If the main objective of anthropology is the study of variation among and within human groups (Gomila, 1976), it is necessary to ‘determine first the structure and distribution of any identifiable units’ (Roberts, 1965). But this task presents difficulties. Such units are fluid. Human populations are groups of living and reproducing entities. Like any living system, they demonstrate a combination of different levels of organisation and integration, primary as cells, secondary as tissues and, yet more complex, tertiary as the whole morphology. Obviously these different levels and their combinations have different functions, the regulation and evolutionary meaning of which have barely been explored.

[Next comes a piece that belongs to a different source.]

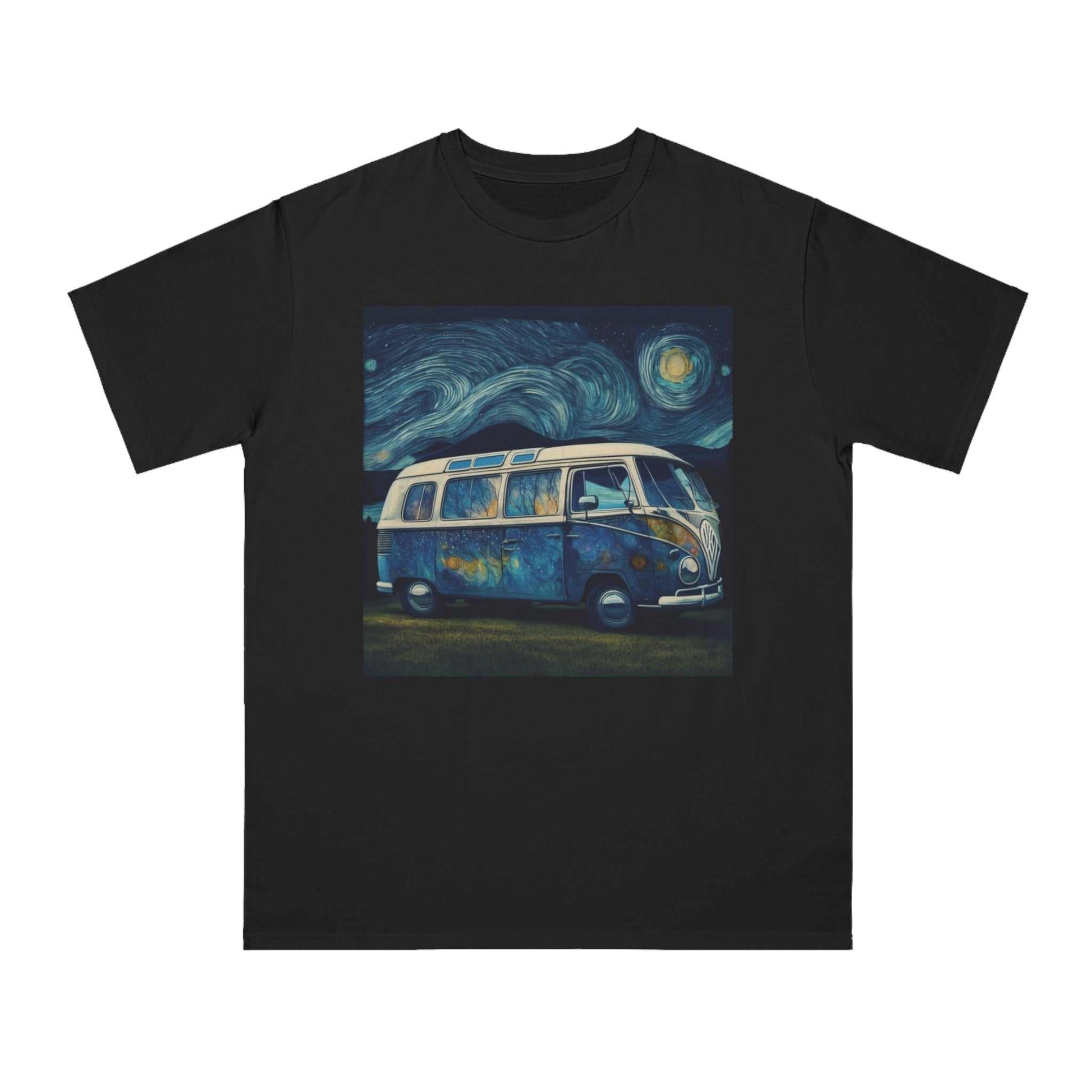 This Starry Night VW Camper Van T-Shirt gives off a cool and 60's adventurous vibe, perfect for outdoor enthusiasts and travelers. It is a great addition to a casual wardrobe and can be worn for camping trips, road trips, and summer adventures.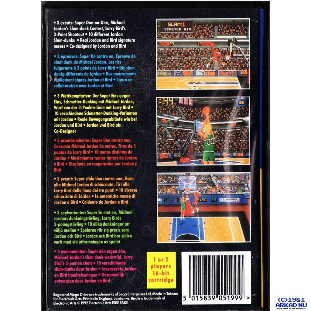 Michael Jordan of the Chicago Bulls and Larry Bird of the Boston Celtics were the only two players in the game, which allowed the player to participate in a one-on-one basketball game. Mini-games included a slam dunk contest (utilizing Jordan) and a three-point contest (utilizing Bird).Mega placed the game at #7 in their list of the 10 Worst Mega Drive Games of All Time.Evidence shows that the game may be rigged so that Larry Bird wins more often than not

It is convenient to distinguish two different levels of population organisation and structure (Lefevre-Witier, 1976). A first level of discontinuity is that of the ‘genetic population’. This consists of the mating circle and the circle of fertile offspring. This definition differs from that of isolates of Dahlberg (1948) which concerns mating only; from that of the panmictic mendelian populations of Dobzhansky (1970) which extends the circle up to panmixia but excludes mate selection; and from the isogamic population of Malecot (1966) which also excludes selection. These three have in common a human group where the maximum of gametic transmission and exchange occurs as well as a strong tendency to genetic homogeneity; the principal limitations are the absence of differential fertility and infant mortality generation by generation expressing the action of natural selection. Our definition is more comparable to the endogamic circle of Henry (1968) and the natural effective population of Wright (1946).